Background Palliative sedation for existential suffering (PS-ES) is a controversial clinical intervention. Empirical studies about physicians’ perceptions do not converge in a clear position and current clinical practice guidelines do not agree either regarding this kind of intervention.
Aim To gain deeper insight into physicians’ perceptions of PS-ES, the factors influencing it, the conditions for implementing it and the alternatives to it.
Design Systematic review of qualitative, quantitative and mixed-methods studies following the Peer Review Electronic Search Strategies and Preferred Reporting Items for Systematic Reviews and Meta-analyses protocols; quality appraisal and thematic synthesis methodology.
Data sources Seven electronic databases (PubMed, CINAHL, Embase, Scopus, Web of Science, PsycINFO, PsycARTICLES) were exhaustively searched from inception through March 2019. Two reviewers screened paper titles, abstracts and full texts.
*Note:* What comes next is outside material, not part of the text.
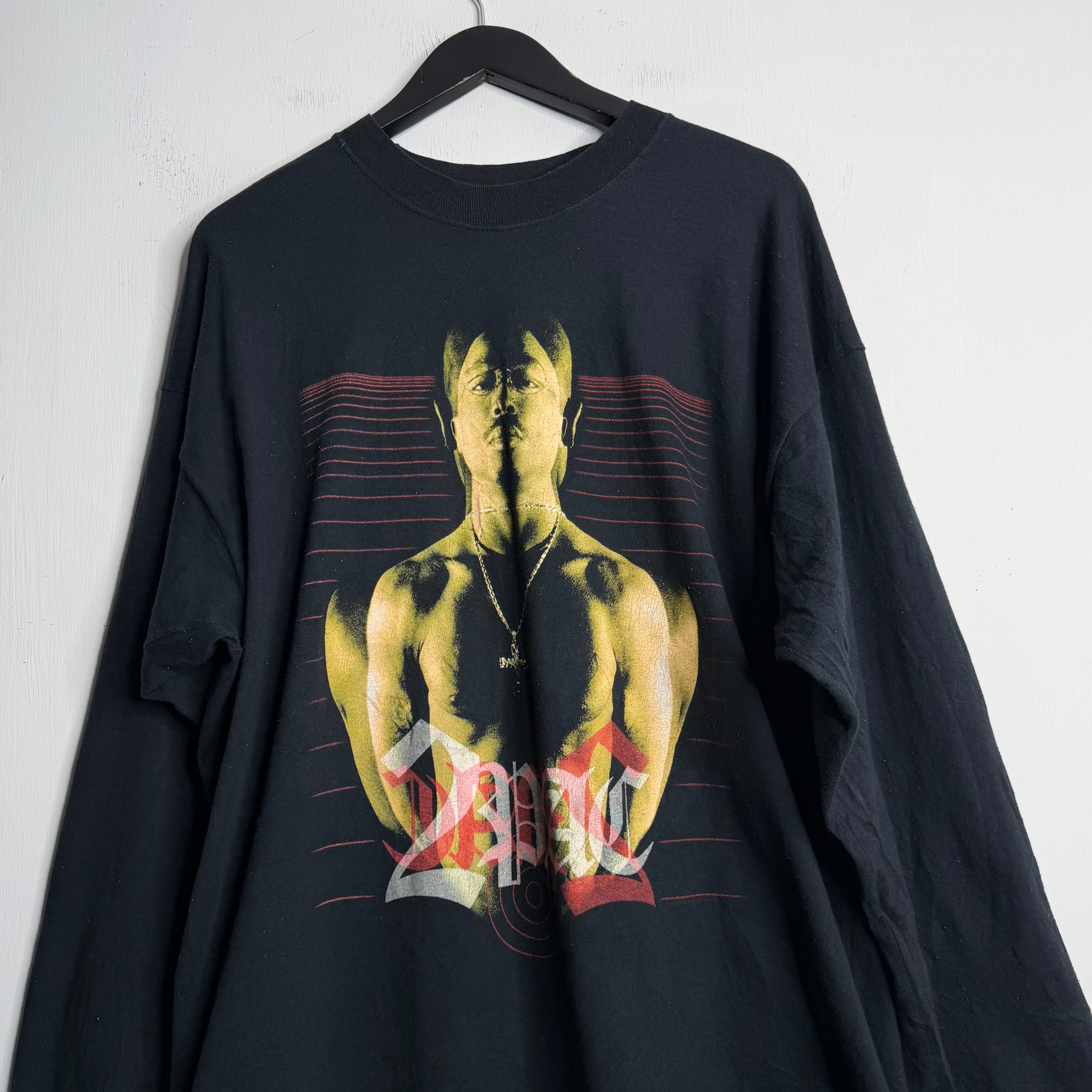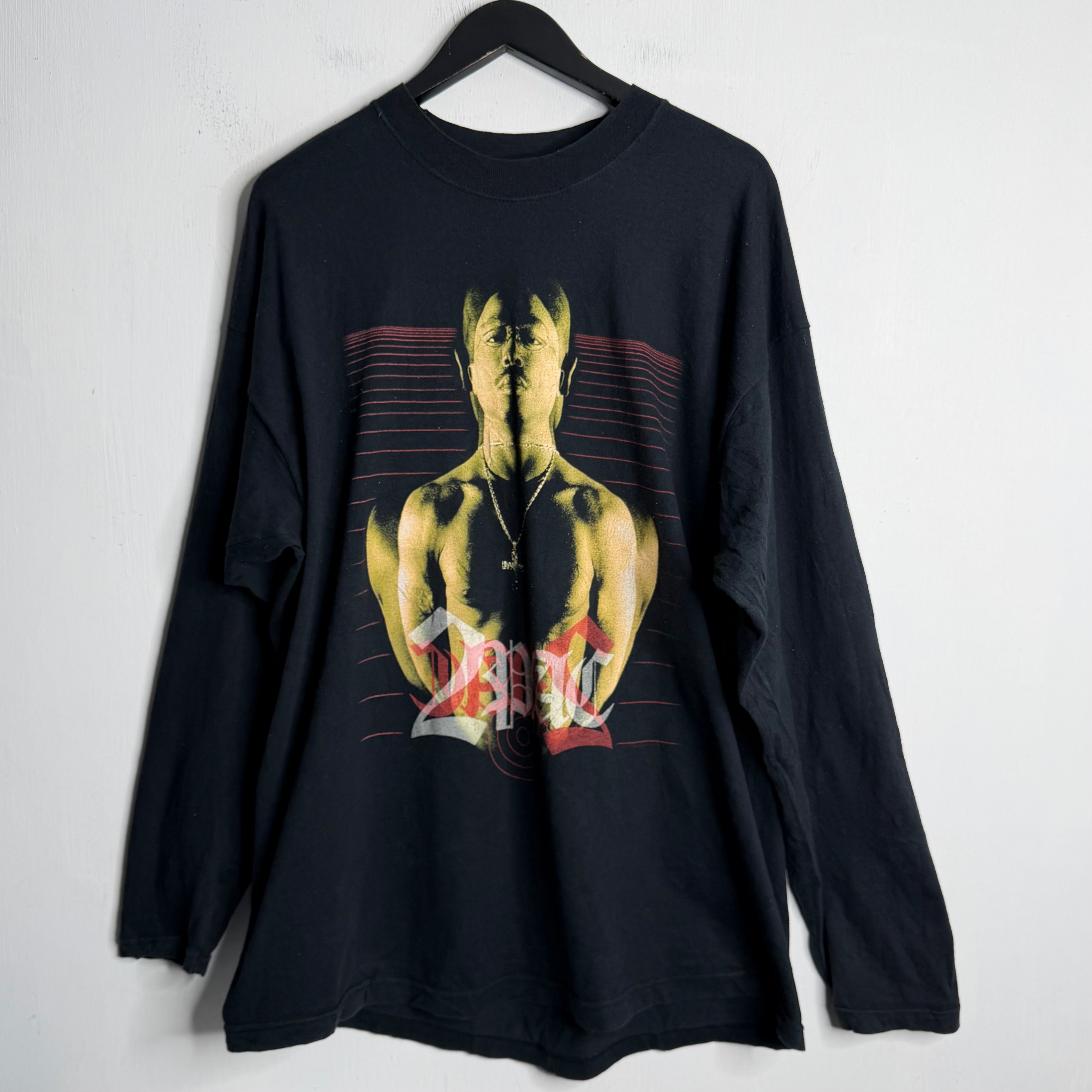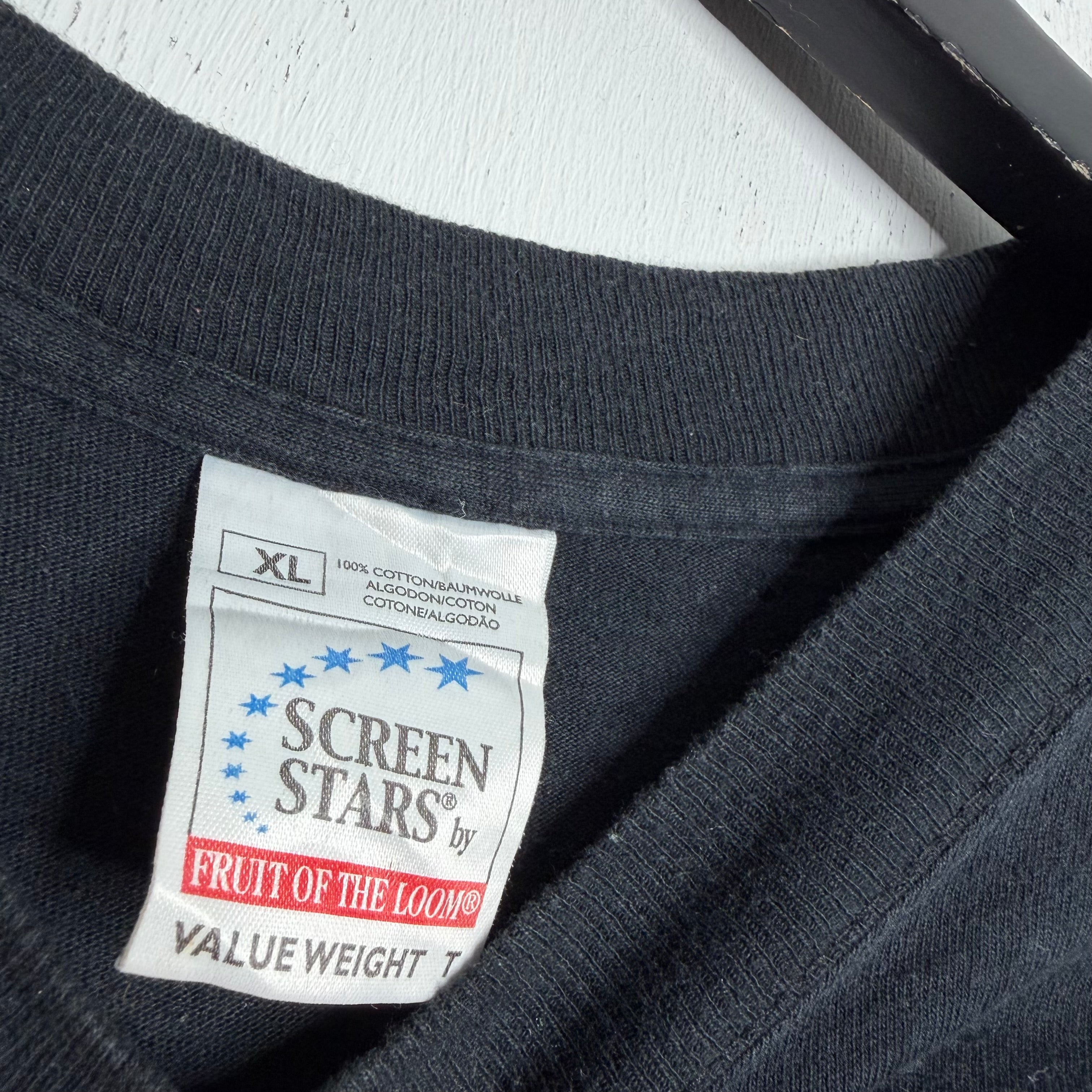Rare enough in short sleeve, long sleeve unreals it. 25" armpit to armpit, 32" top of back collar to bottom. Screen Stars says XL, fits XXL. 100% cotton. Made in Morocco.

We included only peer-reviewed journal articles published in English, French, German, Dutch, Spanish, Italian or Portuguese that focused on physicians’ perceptions of PS-ES.
Results The search yielded 17 publications published between 2002 and 2017. Physicians do not hold clear views or agree if and when PS-ES is appropriate. Case-related and individual-related factors that influenced physicians’ perceptions were identified. There is still no consensus regarding criteria to distinguish between necessary and sufficient conditions for invoking PS-ES. Some alternatives to PS-ES were identified.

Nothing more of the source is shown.